As described above, the surface of the separator 25 that is in contact with the cathode 24 is exposed to an oxidizing gas composed of a mixed gas of water vapor and air at about 80 ° C. to form an oxide film. The function of will be reduced. In order to prevent such deterioration of the function, the separator 25 is formed of a material having excellent corrosion resistance.
JP 2003-197214 A (paragraph 0002)

  However, according to the separator used in the conventional fuel cell, the shape of the fuel gas channel formed on the anode side or the oxidizing gas channel formed on the cathode side is such that the reaction efficiency of hydrogen gas at the anode and the oxidation at the cathode Although it is different from the difference in reaction efficiency of sex gases, it is difficult to distinguish them visually. Therefore, the separator may be attached to the fuel cell by mistake between the surface in contact with the anode and the surface in contact with the cathode. Therefore, if it is installed incorrectly, it cannot be configured to correspond to the difference in reaction efficiency between the fuel gas and the oxidizing gas, and if a non-oxide film is formed on the oxidizing gas flow path side, it will not be used. As a result, the performance of the fuel cell deteriorates, and as a result, the performance of the fuel cell may not be sufficiently brought out.

  Accordingly, an object of the present invention is to provide a fuel cell separator that can be correctly assembled when the fuel cell is assembled.

  In order to achieve the above object, the present invention provides a fuel cell separator disposed between an anode and a cathode, wherein a first reaction gas flow path is formed between the anode and the anode. A first surface, a second surface that is located on the cathode side and forms a flow path of a second reaction gas between the cathode, the first surface, and the second surface. Provided is a fuel cell separator characterized by comprising an identification unit for identification.

  Moreover, it is preferable that the said identification part is what identifies a shape visually.

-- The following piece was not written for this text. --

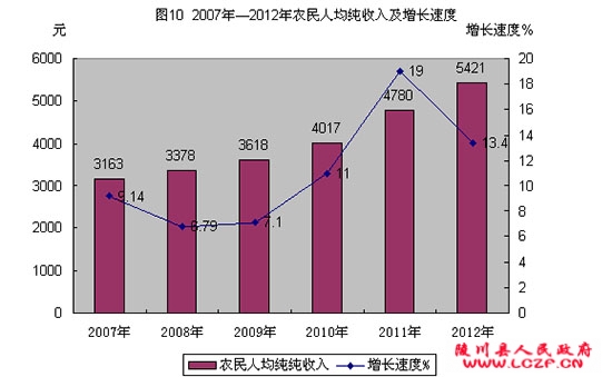 全年城镇居民人均可支配收入为12978元,增长13.1%;城镇居民人均消费性支出9036元,增长2.7 %。农村居民人均纯收入5421元,增长13.4%;农村居民人均生活消费支出4358元,增长13%。城镇占调查总户数 20 %的低收入家庭人均可支配收入4987元,增长3.1%;农村占人口20%的低收入者收入3011元,增长14.7%。城镇居民家庭恩格尔系数(即居民家庭食品消费支出占家庭消费支出的比重)22.2%,农村居民家庭恩格尔系数36%。县营以上单位在岗职工平均工资31661元,增长19.13%。县营以上单位从业人员平均劳动报酬的增长率为18.91%。(见图9、图10)

  Further, it is preferable that the first surface and the second surface have a geometrically asymmetric shape.

  According to the fuel cell separator of the present invention, since the identification portion is formed, it is possible to prevent a mistake that the front and back surfaces of the separator are mistakenly attached when assembling the fuel cell, and the productivity of the fuel cell is improved. In addition, by properly attaching the separator, a configuration corresponding to the difference in reaction efficiency between the fuel gas and the oxidizing gas can be obtained, and the performance of the fuel cell can be sufficiently extracted. In addition, if a non-oxidized film is formed on the oxidizing gas flow path side, it will be used, so that the conductivity decreases due to the formation of an oxide film on the surface in contact with the cathode and the performance of the fuel cell. It is possible to prevent the deterioration and to fully draw out the performance of the fuel cell.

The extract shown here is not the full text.